Bu olası gömü yerini ziyaretimiz hakkında 24 Eylül 2010 tarihinde bu sayfalarda özetle şöyle yazmıştık:

“...Kayıplar Komitesi yetkililerine Baf’tan “kayıp” bazı Kıbrıslıtürkler’in olası gömü yerlerini gösterdik: Baf’tan Kellaki’ye notlar...

Herşey bir Kıbrıslırum okurumun telefonuyla başlıyor:

“Çabuk bana gelmelisin!” diyor heyecanla telefonda...

“Noldu?”

“Baf’tan bir arkadaşımız gelecek... Biraz sonra onu alacağım... Senin kitabını da okumuş... Bazı “kayıp” Kıbrıslıtürkler’le ilgili çeşitli araştırmalar yürütmüş... Onların gömüldüğü yerleri bulduğunu söylüyor...”

O gün Sinde’ye gitmek üzere başka bir “kayıp” ailesiyle sözleşmiş olduğum için bu randevuya gidemiyorum ancak birkaç gün sonra bu okurumla buluşmaya gidiyorum, Baf’taki bu Kıbrıslırum şahidi arıyoruz... Tekrar bir buluşma ayarlıyoruz...

Anlaştığımız günde Lefkoşa’ya geliyor ve buluşuyoruz.

Baf’ın Kıbrıslıtürk “kayıplar”ıyla ilgili geniş araştırmalar yürütmüş, bazı olası gömü yerleri bildiğini söylüyor. Haritalar üzerinde de bunları işaretlemiş...

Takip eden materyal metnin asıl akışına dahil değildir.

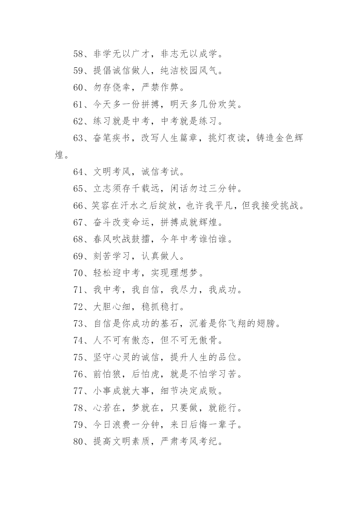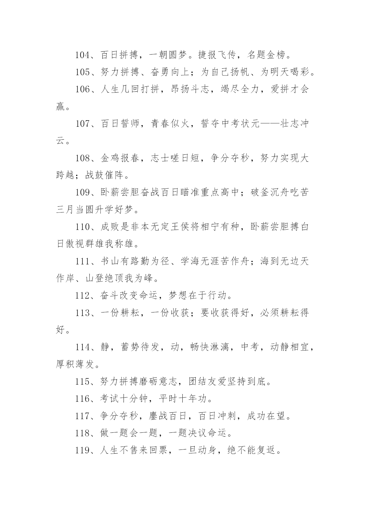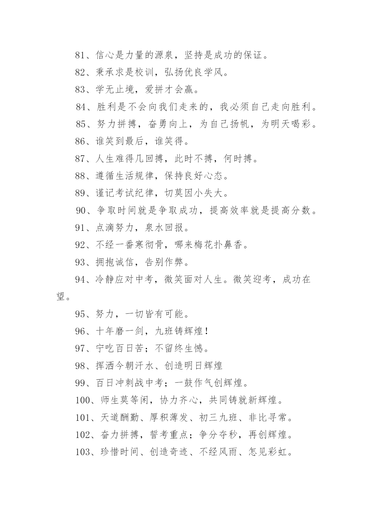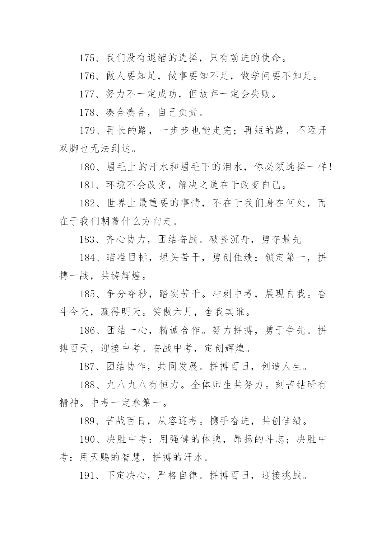 中考励志的标语简短霸气中考励志的标语简短霸气280句在生活、工作和学习中,大家都经常接触到标语吧,标语具有非常明显的时代特征和行业特色。你所见过的标语是什么样的呢?下面是小编帮大家整理的中考励志的标语简短霸气280句,仅供参考,欢迎大家阅读。1、勤学乐思,奋发向上。2、学贵有恒,务实上进。3、顽强拼搏,勇夺第一。4、严实活新,勤奋进取。5、人生彩排,每一天现场直播。6、功崇惟志,业广为勤。7、宝剑锋从磨砺出,梅花香自苦寒来。8、命运自己主宰,奇迹自己创造。9、文明勤恳,竞争超出。10、短暂辛苦,终身幸福。11、立志欲坚不欲锐,在久不在速。12、自信人生二百年,会当水击三千里。13、不惜寸阴于今日,必留遗憾于明朝。14、如果要挖井,就要挖到水为止。15、精诚所至,金石为开。16、信心决定一切,细节决定成败。17、文明有礼刻苦勤奋,只争朝夕做到。18、人生没有彩排,每一天都是现场直播。19、精细不做假,财会我当家。20、耕耘今天,收获明天。21、努力造就实力,态度决定高度。22、立志宜思真品格,读书须尽苦功夫。23、每一发奋努力的背后,必有加倍的赏赐。24、忍耐一分期待,就可能握住十分的收获。25、自信自律,求实创新。26、要争就能赢,要拼才能赢。27、同舟共济,劈浪向前。28、博学慎思,明辨笃行。29、立志欲坚不欲锐,成功在久不在速。30、博学笃行,自强不息。31、心无旁鹜志在必得32、十年一博六月梦,赢得寒窗锦绣程。33、不思,故无惑;不求,故无得;不问,故无知。34、既然选择了远方,便只顾风雨兼程。35、十年磨剑为一博,六月试锋见真我。36、春播秋收近十载,一朝收获终有成。37、不论你在什么时候开始,重要的是开始之后不要停止。38、不论你在什么时候结束,重要的是结束之后不要悔恨。39、静能生慧,问能解疑。40、浪费今天,是明天的遗憾。41、珍惜现在,是中榜的资本。42、今日拼搏努力,他朝谁与争锋!43、我会成功,因为我志在成功。44、让心动完善理想的美梦,用行动追求现实的成功。45、勤也一年,怠也一年,弹指挥间就一46、学亦快乐,嬉亦快乐,今时拼搏终身乐。47、摒弃侥幸之念,必取百炼成钢;厚积分秒之功,始得一鸣惊人。48、惜光阴百日犹短,看众志成城拼搏第一;细安排一刻也长,比龙争虎斗谁为争锋?!49、为六月最后统考拼搏,稳做王者看谁与争锋?50、脚踏实地,心无旁骛,珍惜分分秒秒。紧跟老师,夯实基础。51、再露锋芒,宜将剩勇追穷寇,一展鸿图,不可沽名学霸王。52、鹰击天风壮,鹏飞海浪春。53、灰心生失望,失望生动摇,动摇生失败。54、理想是力量的泉源、智慧的摇篮、冲锋的战旗、斩棘的利剑。55、有志者自有千方百计,无志者只感千难万难。56、心者,栖神之舍;神者,知识之本;思者,神识之妙用也。57、不思,故有惑;不求,故无得;不问,故不知。58、非学无以广才,非志无以成学。59、提倡诚信做人,纯洁校园风气。60、勿存侥幸,严禁作弊。61、今天多一份拼搏,明天多几份欢笑。62、练习就是中考,中考就是练习。63、奋笔疾书,改写人生篇章,挑灯夜读,铸造金色辉煌。64、文明考风,诚信考试。65、立志须存千载远,闲话勿过三分钟。66、笑容在汗水之后绽放,也许我平凡,但我接受挑战。67、奋斗改变命运,拼搏成就辉煌。68、春风吹战鼓擂,今年中考谁怕谁。69、刻苦学习,认真做人。70、轻松迎中考,实现理想梦。71、我中考,我自信,我尽力,我成功。72、大胆心细,稳抓稳打。73、自信是你成功的基石,沉着是你飞翔的翅膀。74、人不可有傲态,但不可无傲骨。75、坚守心灵的诚信,提升人生的品位。76、前怕狼,后怕虎,就是不怕学习苦。77、小事成就大事,细节决定成败。78、心若在,梦就在,只要做,就能行。79、今日浪费一分钟,来日后悔一辈子。80、提高文明素质,严肃考风考纪。81、信心是力量的源泉,坚持是成功的保证。82、秉承求是校训,弘扬优良学风。83、学无止境,爱拼才会赢。84、胜利是不会向我们走来的,我必须自己走向胜利。85、努力拼搏,奋勇向上,为自己扬帆,为明天喝彩。86、谁笑到最后,谁笑得。87、人生难得几回搏,此时不搏,何时搏。88、遵循生活规律,保持良好心态。89、谨记考试纪律,切莫因小失大。90、争取时间就是争取成功,提高效率就是提高分数。91、点滴努力,泉水回报。92、不经一番寒彻骨,哪来梅花扑鼻香。93、拥抱诚信,告别作弊。94、冷静应对中考,微笑面对人生。微笑迎考,成功在望。95、努力,一切皆有可能。96、十年磨一剑,九班铸辉煌!97、宁吃百日苦;不留终生憾。98、挥洒今朝汗水、创造明日辉煌99、百日冲刺战中考;一鼓作气创辉煌。100、师生莫等闲,协力齐心,共同铸就新辉煌。101、天道酬勤、厚积薄发、初三九班、非比寻常。102、奋

“Harita üzerinde işaretlemek çok fazla bir şey ifade etmez” diyorum bu şahide, “çünkü ben mesela orayı bilmiyorum, nereye bakacağımı kestiremeyebilirim... Bir gün Baf’a gelelim, sakıncası yoksa Kayıplar Komitesi yetkililerini de getireyim birlikte ve bize bu yerleri göster lütfen...”

Buna razı oluyor... Birlikte Kayıplar Komitesi Kıbrıslırum üye yardımcısı Ksenofon Kallis’in ofisine gidiyoruz, Baflı şahit, bildiklerini Kallis’e ve bana anlatıyor... Daha önce üzerinde çok çalışmış olduğum bazı “kayıp” Kıbrıslıtürkler’le ilgili, geçen yıl bir başka Kıbrıslırum okurumun vermiş olduğu bilgilerle şimdi bize anlatmakta oldukları tam olarak örtüşüyor... Çember daralıyor ve bu da beni hem sevindiriyor, hem de heyecanlandırıyor... 1964’te Baf’tan “kayıp” edilmiş bazı Kıbrıslıtürkler’in nerede gömülü olduğu hakkında belki nihayet daha somut bilgilere ulaşıyormuşuz gibi geliyor bana...

Baflı bu şahit, bize bu yerleri göstermeye karar veriyor, böylece Kallis’in ofisinde bir tarih üzerinde anlaşıyoruz, 20 Eylül 2010 Pazartesi sabah Baf’a gideceğiz ve şahit bize olası gömü yerlerini gösterecek. Kallis, derhal Kayıplar Komitesi Kıbrıslıtürk Üye Yardımcısı Murat Soysal’ı telefonla arıyor ve onlara da bu tarihin uyup uymadığını soruyor. Murat Soysal ve Kayıplar Komitesi Kazılar Koordinatörü Antropolog Okan Oktay da bizimle birlikte Baf’a gelecek...

20 Eylül 2010 Pazartesi sabahı saat 08.30’da Ledra Palace barikatında buluşup Baf’a gitmek üzere sözleşiyoruz. Bu işte Baflı şahitle benim aramda iletişim kurulmasını sağlayan Kıbrıslırum okurum da bizimle gelecek...

Geçtiğimiz Pazartesi sabahı sözleştiğimiz gibi barikatta buluşup Baf’a doğru yol alıyoruz. Baflı şahit, anlaştığımız noktada bizi bekliyor. Sonra onu izlemeye koyuluyoruz...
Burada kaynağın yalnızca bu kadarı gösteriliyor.